= Beginning of Section =
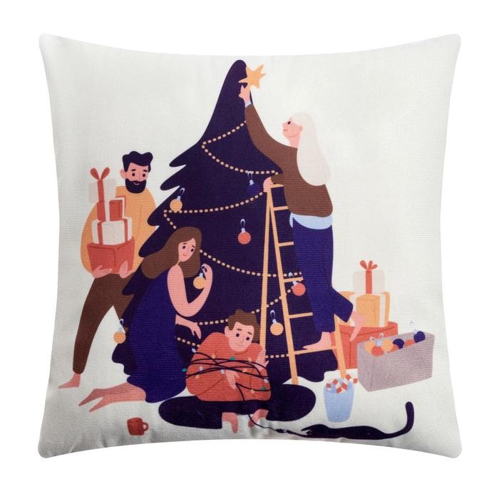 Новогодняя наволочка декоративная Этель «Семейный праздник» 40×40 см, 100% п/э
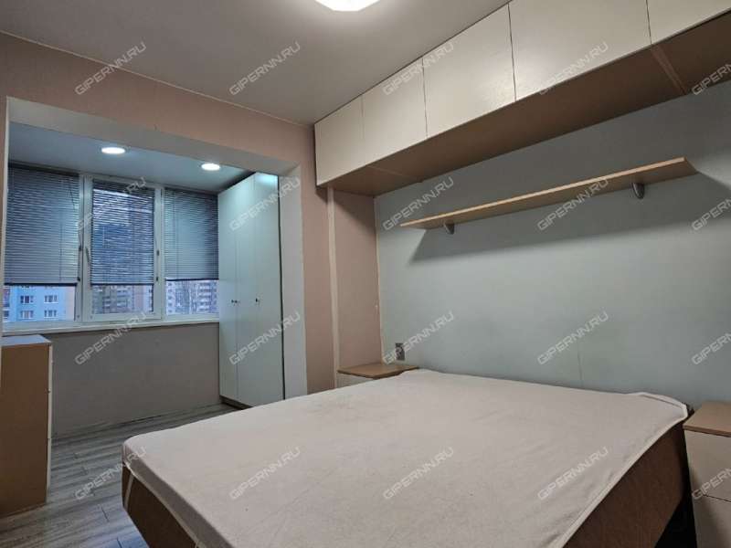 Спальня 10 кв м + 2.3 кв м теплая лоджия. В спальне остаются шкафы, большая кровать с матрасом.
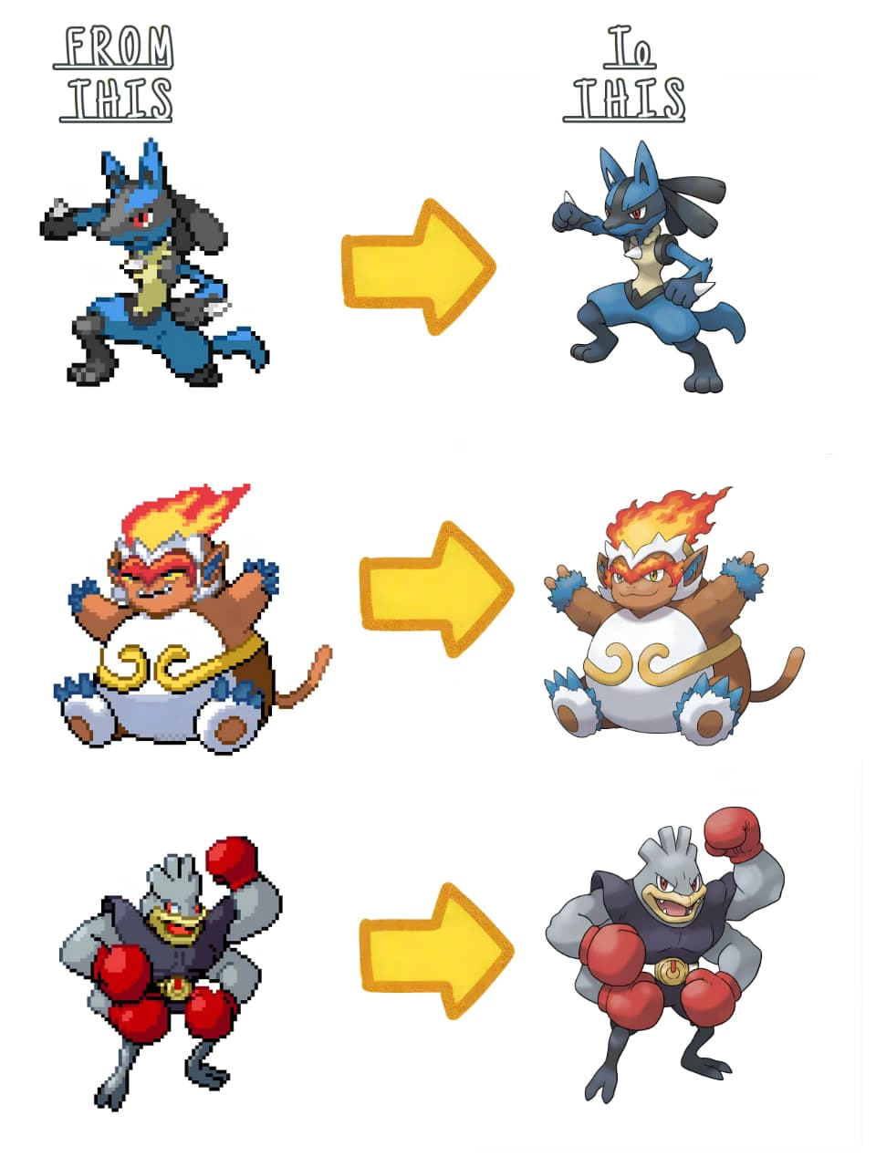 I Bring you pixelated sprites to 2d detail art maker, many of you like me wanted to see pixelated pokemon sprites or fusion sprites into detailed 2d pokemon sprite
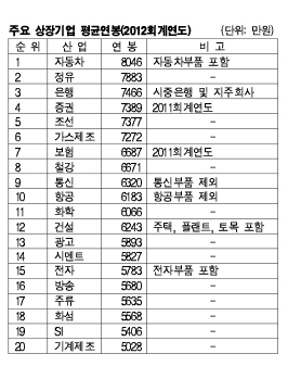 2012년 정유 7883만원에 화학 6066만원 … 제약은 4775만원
= End of Section =
= Beginning of Section =
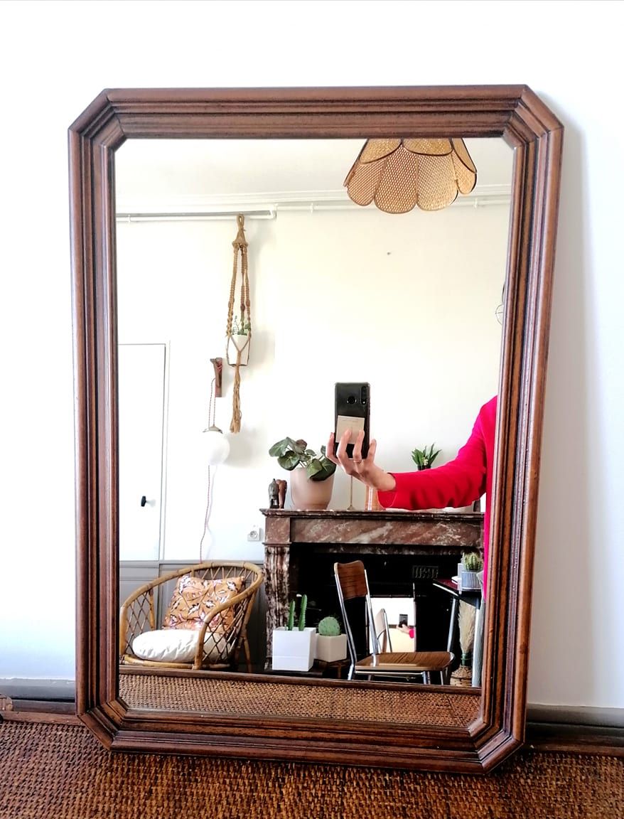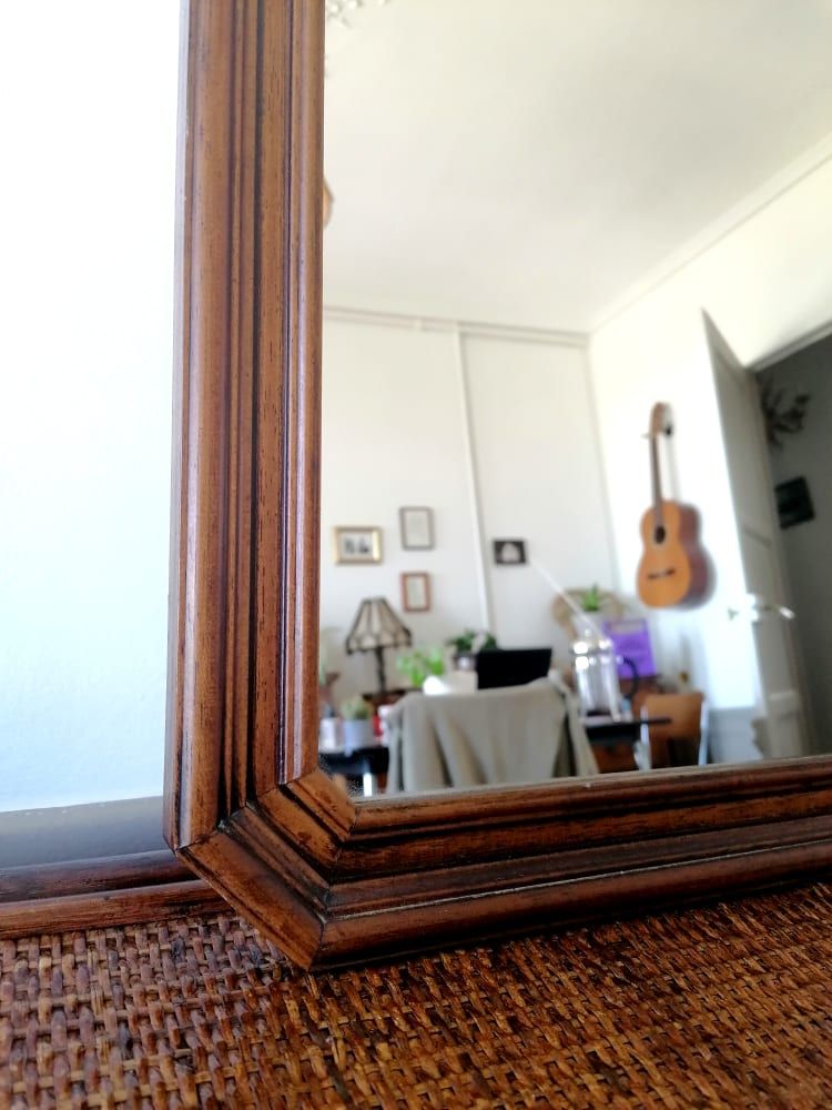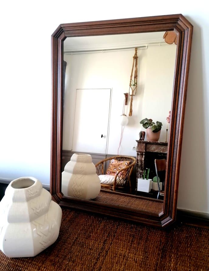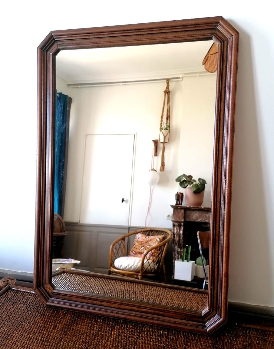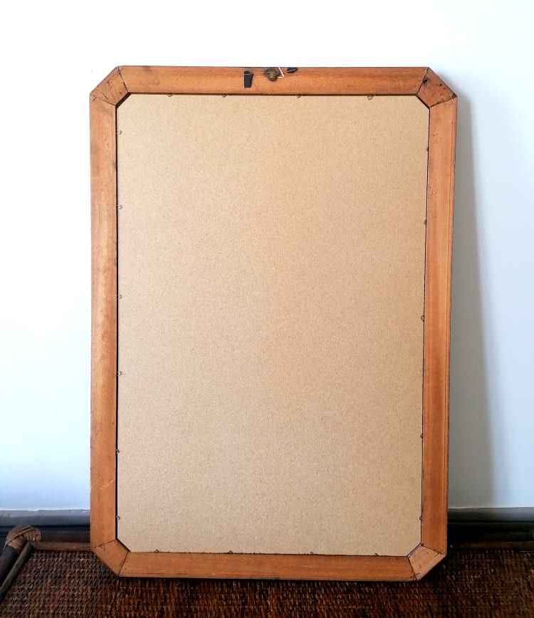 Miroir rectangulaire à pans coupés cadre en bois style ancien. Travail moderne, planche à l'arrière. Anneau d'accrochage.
= End of Section =
= Beginning of Section =
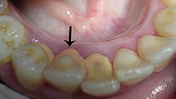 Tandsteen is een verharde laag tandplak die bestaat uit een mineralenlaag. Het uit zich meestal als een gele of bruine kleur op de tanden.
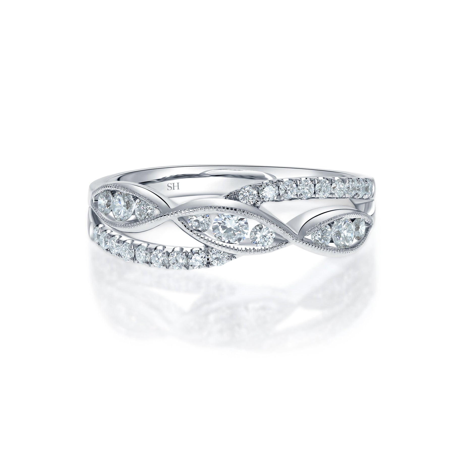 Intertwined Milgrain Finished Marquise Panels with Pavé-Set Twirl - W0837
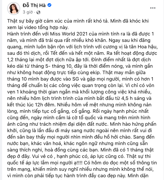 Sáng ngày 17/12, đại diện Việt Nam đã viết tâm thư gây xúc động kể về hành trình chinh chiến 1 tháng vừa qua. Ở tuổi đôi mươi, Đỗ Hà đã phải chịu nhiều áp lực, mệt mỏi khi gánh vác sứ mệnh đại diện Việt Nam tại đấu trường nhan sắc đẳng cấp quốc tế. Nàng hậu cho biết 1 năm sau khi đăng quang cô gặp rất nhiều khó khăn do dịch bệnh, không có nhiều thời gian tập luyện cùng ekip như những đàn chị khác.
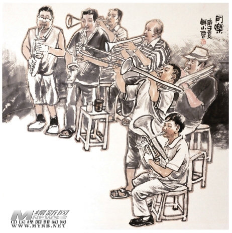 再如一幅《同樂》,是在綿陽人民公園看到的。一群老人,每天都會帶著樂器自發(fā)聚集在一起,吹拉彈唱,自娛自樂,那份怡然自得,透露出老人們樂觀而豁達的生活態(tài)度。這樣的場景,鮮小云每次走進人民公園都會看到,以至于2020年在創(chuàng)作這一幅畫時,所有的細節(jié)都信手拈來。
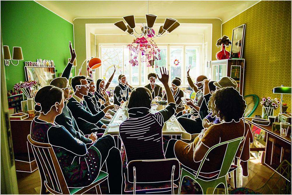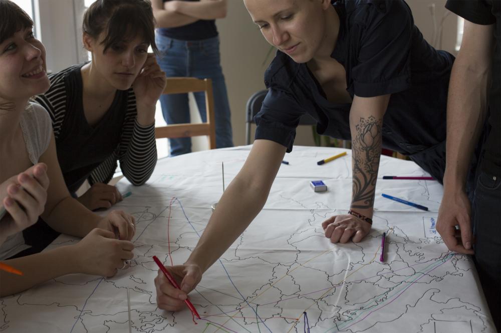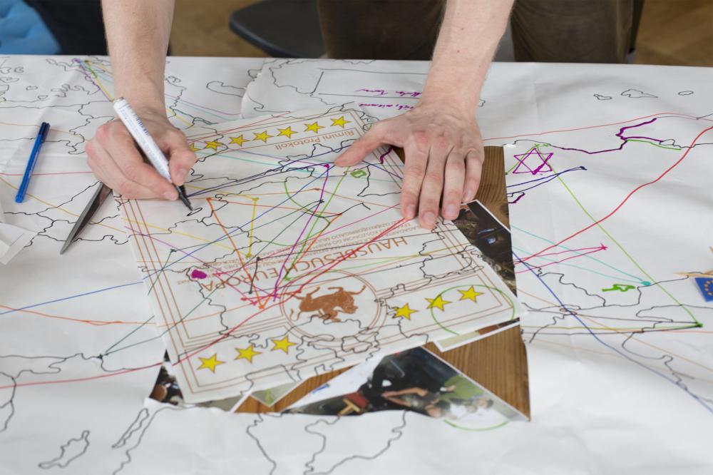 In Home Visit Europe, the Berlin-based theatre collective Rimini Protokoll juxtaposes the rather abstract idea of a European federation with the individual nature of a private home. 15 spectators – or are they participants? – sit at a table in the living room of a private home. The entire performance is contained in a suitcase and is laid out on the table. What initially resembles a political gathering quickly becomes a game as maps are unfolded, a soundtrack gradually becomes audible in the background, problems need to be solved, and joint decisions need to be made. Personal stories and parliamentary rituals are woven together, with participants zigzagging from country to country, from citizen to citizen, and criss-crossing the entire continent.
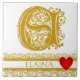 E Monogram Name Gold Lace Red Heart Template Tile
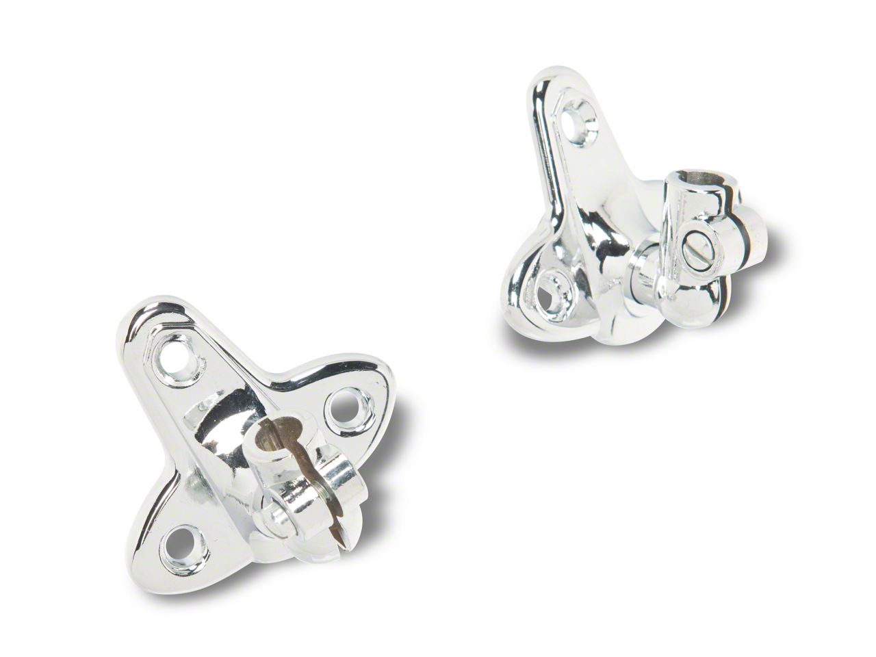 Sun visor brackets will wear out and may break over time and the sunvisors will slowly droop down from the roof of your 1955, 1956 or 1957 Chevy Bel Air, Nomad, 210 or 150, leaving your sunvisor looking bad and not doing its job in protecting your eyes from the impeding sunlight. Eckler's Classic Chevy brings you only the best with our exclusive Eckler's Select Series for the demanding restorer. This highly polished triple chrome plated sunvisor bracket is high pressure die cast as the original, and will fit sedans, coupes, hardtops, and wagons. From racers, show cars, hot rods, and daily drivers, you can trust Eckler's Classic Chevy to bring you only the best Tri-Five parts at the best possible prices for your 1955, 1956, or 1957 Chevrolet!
= End of Section =
_TASK ITEM:_
Take the material above from the line bearing "Intertwined Milgrain Finished" through the line bearing "In Home Visit" and write it out exactly, both end lines included. Pictures stay out.

_RESPONSE TO THE TASK:_
 Intertwined Milgrain Finished Marquise Panels with Pavé-Set Twirl - W0837
 Sáng ngày 17/12, đại diện Việt Nam đã viết tâm thư gây xúc động kể về hành trình chinh chiến 1 tháng vừa qua. Ở tuổi đôi mươi, Đỗ Hà đã phải chịu nhiều áp lực, mệt mỏi khi gánh vác sứ mệnh đại diện Việt Nam tại đấu trường nhan sắc đẳng cấp quốc tế. Nàng hậu cho biết 1 năm sau khi đăng quang cô gặp rất nhiều khó khăn do dịch bệnh, không có nhiều thời gian tập luyện cùng ekip như những đàn chị khác.
 再如一幅《同樂》,是在綿陽人民公園看到的。一群老人,每天都會帶著樂器自發(fā)聚集在一起,吹拉彈唱,自娛自樂,那份怡然自得,透露出老人們樂觀而豁達的生活態(tài)度。這樣的場景,鮮小云每次走進人民公園都會看到,以至于2020年在創(chuàng)作這一幅畫時,所有的細節(jié)都信手拈來。
 In Home Visit Europe, the Berlin-based theatre collective Rimini Protokoll juxtaposes the rather abstract idea of a European federation with the individual nature of a private home. 15 spectators – or are they participants? – sit at a table in the living room of a private home. The entire performance is contained in a suitcase and is laid out on the table. What initially resembles a political gathering quickly becomes a game as maps are unfolded, a soundtrack gradually becomes audible in the background, problems need to be solved, and joint decisions need to be made. Personal stories and parliamentary rituals are woven together, with participants zigzagging from country to country, from citizen to citizen, and criss-crossing the entire continent.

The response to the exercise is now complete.